Address
- 340 Homans Avenue Closter, Bergen County, New Jersey, 07624 United States
- Coordinates: 40°58′00″N 73°56′55″W﻿ / ﻿40.966635°N 73.948541°W

District information
- Grades: Pre-K to 8
- Superintendent: Vincent McHale
- Business administrator: Floro M. Villanueva Jr.
- Schools: 2

Students and staff
- Enrollment: 1,211 (as of 2023–24)
- Faculty: 102.8 FTEs
- Student–teacher ratio: 11.8:1

Other information
- District Factor Group: I
- Website: www.closterschools.org
| Ind. | Per pupil | District spending | Rank (*) | K-8 average | %± vs. average |
| 1A | Total Spending | $17,385 | 46 | $18,891 | −8.0% |
| 1 | Budgetary Cost | 14,646 | 52 | 14,159 | 3.4% |
| 2 | Classroom Instruction | 9,415 | 68 | 8,659 | 8.7% |
| 6 | Support Services | 2,047 | 44 | 2,167 | −5.5% |
| 8 | Administrative Cost | 1,703 | 59 | 1,547 | 10.1% |
| 10 | Operations & Maintenance | 1,401 | 29 | 1,612 | −13.1% |
| 13 | Extracurricular Activities | 78 | 32 | 104 | −25.0% |
| 16 | Median Teacher Salary | 85,302 | 83 | 61,136 |
Data from NJDoE 2014 Taxpayers' Guide to Education Spending. *Of K-8 districts with more than 750 students. Lowest spending=1; Highest=84

= Closter Public Schools =

School district in Bergen County, New Jersey, US

The Closter Public Schools are a community public school district that educates students in pre-kindergarten through eighth grade from Closter in Bergen County, in the U.S. state of New Jersey.

As of the 2023–24 school year, the district, which comprises two schools, had an enrollment of 1,211 students and 102.8 classroom teachers (on an FTE basis), for a student–teacher ratio of 11.8:1.

The district had been classified by the New Jersey Department of Education as being in District Factor Group "I", the second-highest of eight groupings. District Factor Groups organize districts statewide to allow comparison by common socioeconomic characteristics of the local districts. From lowest socioeconomic status to highest, the categories are A, B, CD, DE, FG, GH, I and J.
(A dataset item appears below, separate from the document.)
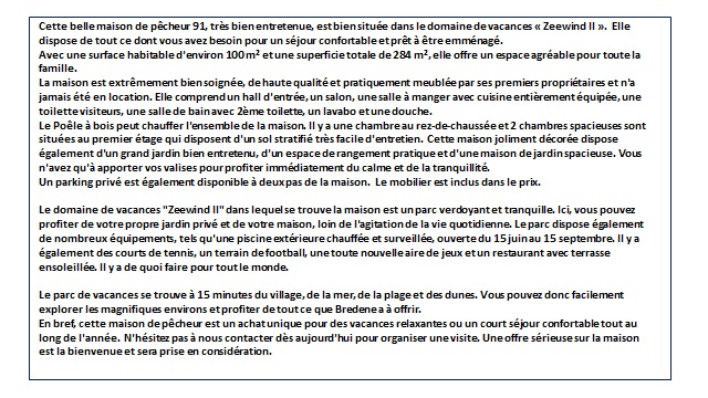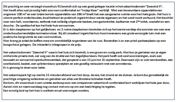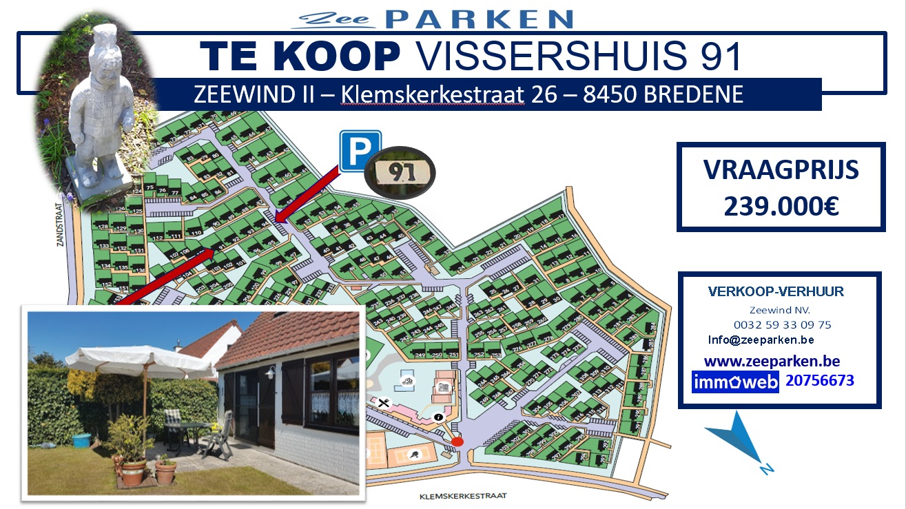 TE KOOP VISSERSHUIS 21.091 – VAKANTIEDOMEIN “ZEEWIND II” – BREDENE

Students in ninth through twelfth grades attend Northern Valley Regional High School at Demarest in Demarest, together with students from Demarest and Haworth. The high school is part of the Northern Valley Regional High School District, which also serves students from Harrington Park, Northvale, Norwood and Old Tappan. During the 1994–96 school years, Northern Valley Regional High School at Demarest was awarded the Blue Ribbon School Award of Excellence by the United States Department of Education. As of the 2023–24 school year, the high school had an enrollment of 1,022 students and 95.4 classroom teachers (on an FTE basis), for a student–teacher ratio of 10.7:1.

The district participates in special education programs offered by Region III, one of seven such regional programs in Bergen County. Region III coordinates and develops special education programs for the 1,000 students with learning disabilities in the region, which also includes the Alpine, Demarest, Harrington Park, Haworth, Northvale, Norwood and Old Tappan districts, as well as the Northern Valley Regional High School District.

==History==
Closter High School opened in 1912 and was closed in 1955 when the district became a constituent municipality in the Northern Valley Regional High School District and students began attending Northern Valley Regional High School at Demarest. The defunct high school became Village Middle School. which operated until 1996.

Hillside Elementary School was awarded the Blue Ribbon School Award of Excellence in 2021.

== Schools ==
Schools in the district (with 2023–24 enrollment data from the National Center for Education Statistics) are:
- Hillside Elementary School with 620 students in grades PreK-4
  - Dianne Smith, principal
- Tenakill Middle School with 570 students in grades 5–8
  - Christine Cipollini, principal

== Administration ==
Core members of the district's administration are:
- Vincent McHale, superintendent
- Floro M. Villanueva Jr., business administrator and board secretary

==Board of education==
The district's board of education, comprising nine members, sets policy and oversees the fiscal and educational operation of the district through its administration. As a Type II school district, the board's trustees are elected directly by voters to serve three-year terms of office on a staggered basis, with three seats up for election each year held (since 2013) as part of the November general election. The board appoints a superintendent to oversee the district's day-to-day operations and a business administrator to supervise the business functions of the district.